Film review: Memoirs of a Murderer – Tetsuya Fujiwara stars in preposterous Japanese remake of Confession of Murder
This story of a serial killer who writes a bestselling book about his crimes and the policeman who tries to bring him to justice, suffers from a ridiculous plot, and dull acting
A killer becomes a media sensation after publishing a book about his heinous crimes in this preposterous film by Yu Irie. Not to be confused with Won Shin-yeon’s recent Memoir of a Murderer or Bong Joon-ho’s 2003 classic Memories of Murder, Memoirs of a Murderer is indeed a Japanese reworking of the 2012 South Korean thriller Confession of Murder, directed by The Villainess’ Jung Byung-gil.
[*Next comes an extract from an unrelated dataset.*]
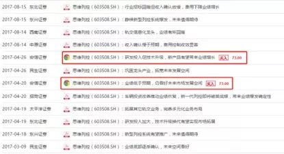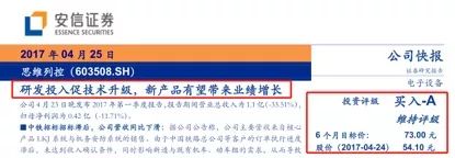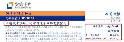 以安信證券為例,即便思維列控業績低于預期,2017年4月19日和25日還是連發兩份研報看好思維列控未來的發展空間并推薦買入,目標價均為73元。
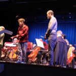 Musik, die wie Wasser klingt? Mit dieser Frage wurden die Kinder auf eine Reise in, über und durch das Element ‚Wasser‘ geführt – und das geschah so: Ein phantasiebegabter Sohn (pfiffig und souverän gespielt von Leo Hofmann), der in ‚Wassermusiken‘ voller Freude das Tönen der Quellen, der Wellen, des Meeres oder des Regens vernimmt, möchte seinen wenig hörsensiblen Vater von der Ausdruckskraft der Musik überzeugen. Werner Hofmann, der auch das Szenario des Stückes entworfen hatte, brachte all seinen bodenständigen Charme auf, um sich als „schwieriger Fall“ zu erweisen. Daher bat Leo das Orchester (mit Christine Böhm, seinem 1. Vorstand), dem sturen Vater einen tönenden Beweis zu liefern. Doch das gelang nur langsam. Nach Händels „Wassermusik“ und Schuberts „Forellenquintett“ spürte der Vater nichts, obwohl Leo spontan die Unterstützung des neunjährigen Toni Härtel erhielt, der mutig und hinreißend die Melodie auf der Geige anspielte! Auch Smetanas „Moldau“ und Dvořáks gruseliges Stück vom „Wassermann“ ließen den Vater noch ungerührt. Erst als Toni Härtl – nun auf der Trompete! –  eine Beethoven-Melodie und das Orchester den Satz ‚Gewitter, Sturm‘ aus Beethovens „Pastorale“ anstimmte, gingen dem Vater die Ohren auf – Leo hatte die Wette gewonnen. Mit Mendelssohns „Meeresstille“ kam dann Ruhe auf, bevor die „Petersburger Schlittenfahrt“ mit ‚gefrorenem Wasser‘ das Konzert beschloss, begleitet von einem schwungvollen Hör- und Bewegungsspiel des begeisterten Publikums.

After the statute of limitations expires on a string of grisly stranglings dating back to the 1990s, the charismatic Sonezaki (Tetsuya Fujiwara) steps forward and announces himself as the serial killer, unveiling a tell-all autobiography, which becomes an instant bestseller.
While the police are powerless to stop him due to a legal loophole, detective Makimura (Hideaki Ito) remains determined that he can bring Sonezaki to justice. But he soon finds himself protecting the killer from a number of revenge attacks from his victims’ relatives.
In the past, the versatile Ito has played everything from sympathetic to sinister, but as the obsessive, grief-stricken Makimura, he is dull as dishwater. Fujiwara, conversely, channels his effete histrionic style perfectly, ensuring Sonezaki is infuriatingly loathsome throughout.
But while the original film was scrappy yet enjoyable, Irie attempts to spin a complex psychological thriller out of this remake, seemingly unaware that his material is inherently ridiculous. With no characters to root for, and a plot insistent on wrong-footing its audience at the expense of anything approaching plausibility, Memoirs of a Murderer proves eminently forgettable and a colossal waste of talent.